Data >>
****************************************

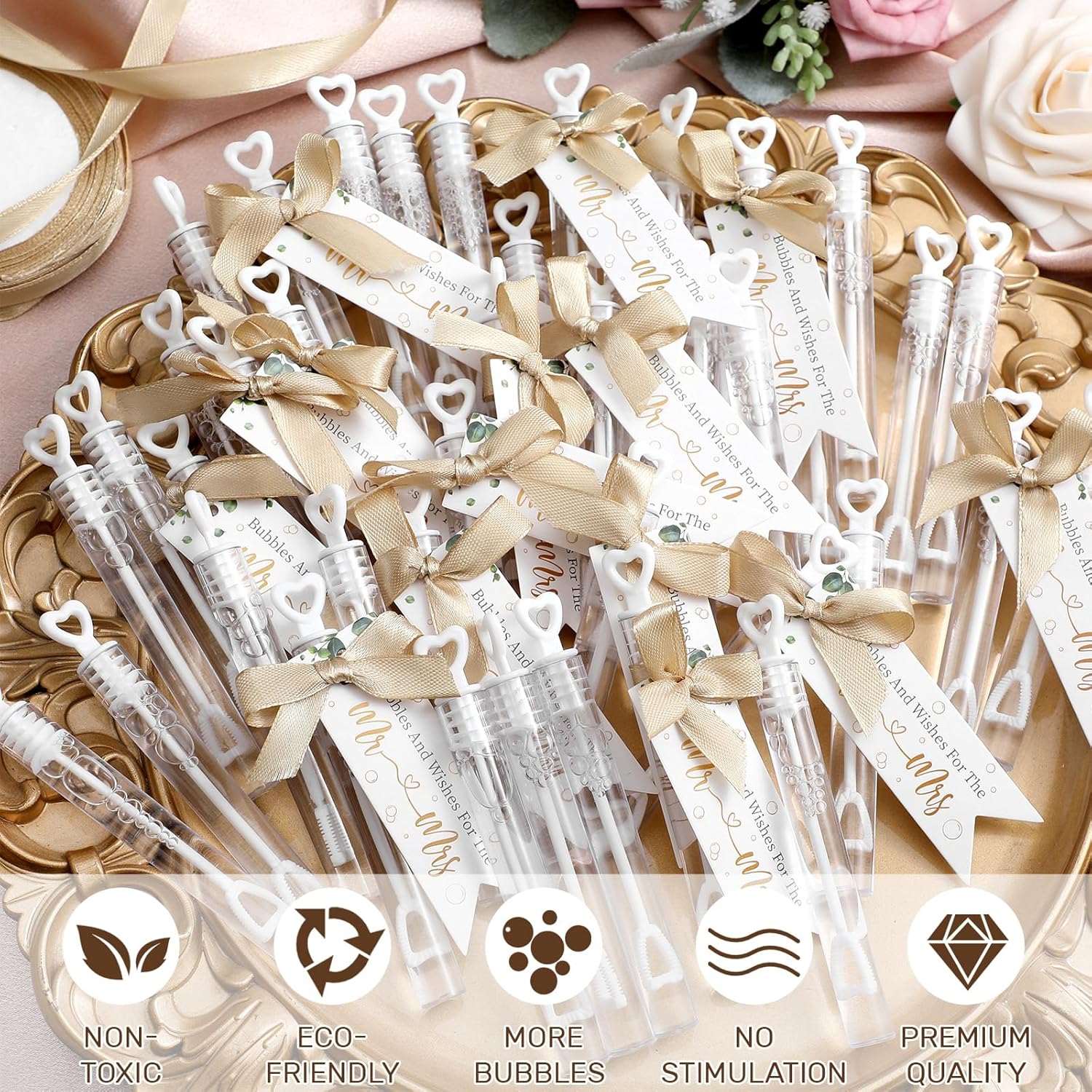 - Wedding Send off Bubbles: the wedding bubbles set contains 200 white heart mini bubble wands, 200 gift tags, 1 bubble send off display card, 1 wood color photo frame and 3 rolls of champagne gold ribbon, nice for wedding party favors and wedding farewell bubbles
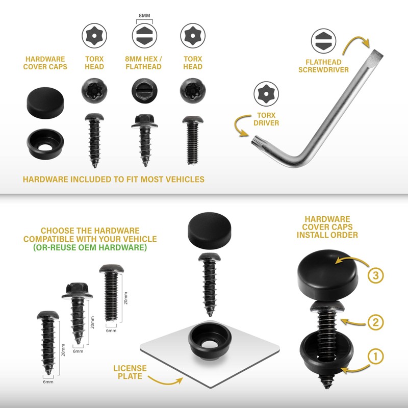 - ✔️ 《 INCLUDED IN PACKAGE 》 One New black powder-coated license frames with three sets of screws (12 Pieces Total) Stainless Steel Black Zinc Plated (Rust Proof) screws. All are 20mm tall and 6mm wide but with different treads that will fit on most vehicles with wrench "L" tools that has a flat head on one side and Security Torx T30 on the other side. x4 Black screw cover caps are included, making this a quick and easy DIY installation with essential tools.
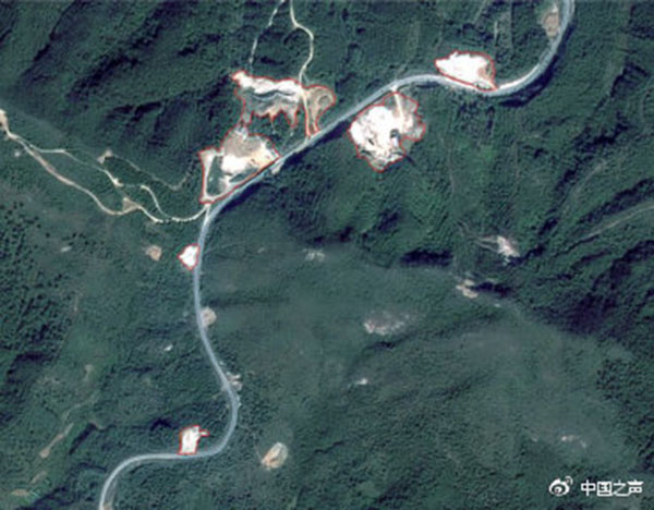 确山县石滚河镇刘楼村S206道路旁,红色圈内为开山采石区域,面积总和达到2645平方米确山县石滚河镇刘楼村S206道路旁,红色圈内为开山采石区域,面积总和达到2645平方米

****************************************

Return, exactly as they stand, the lines from the opening line of the listing through the line with "- ✔️ 《 INCLUDED", both ends counted, and no pictures.

 - Wedding Send off Bubbles: the wedding bubbles set contains 200 white heart mini bubble wands, 200 gift tags, 1 bubble send off display card, 1 wood color photo frame and 3 rolls of champagne gold ribbon, nice for wedding party favors and wedding farewell bubbles
 - ✔️ 《 INCLUDED IN PACKAGE 》 One New black powder-coated license frames with three sets of screws (12 Pieces Total) Stainless Steel Black Zinc Plated (Rust Proof) screws. All are 20mm tall and 6mm wide but with different treads that will fit on most vehicles with wrench "L" tools that has a flat head on one side and Security Torx T30 on the other side. x4 Black screw cover caps are included, making this a quick and easy DIY installation with essential tools.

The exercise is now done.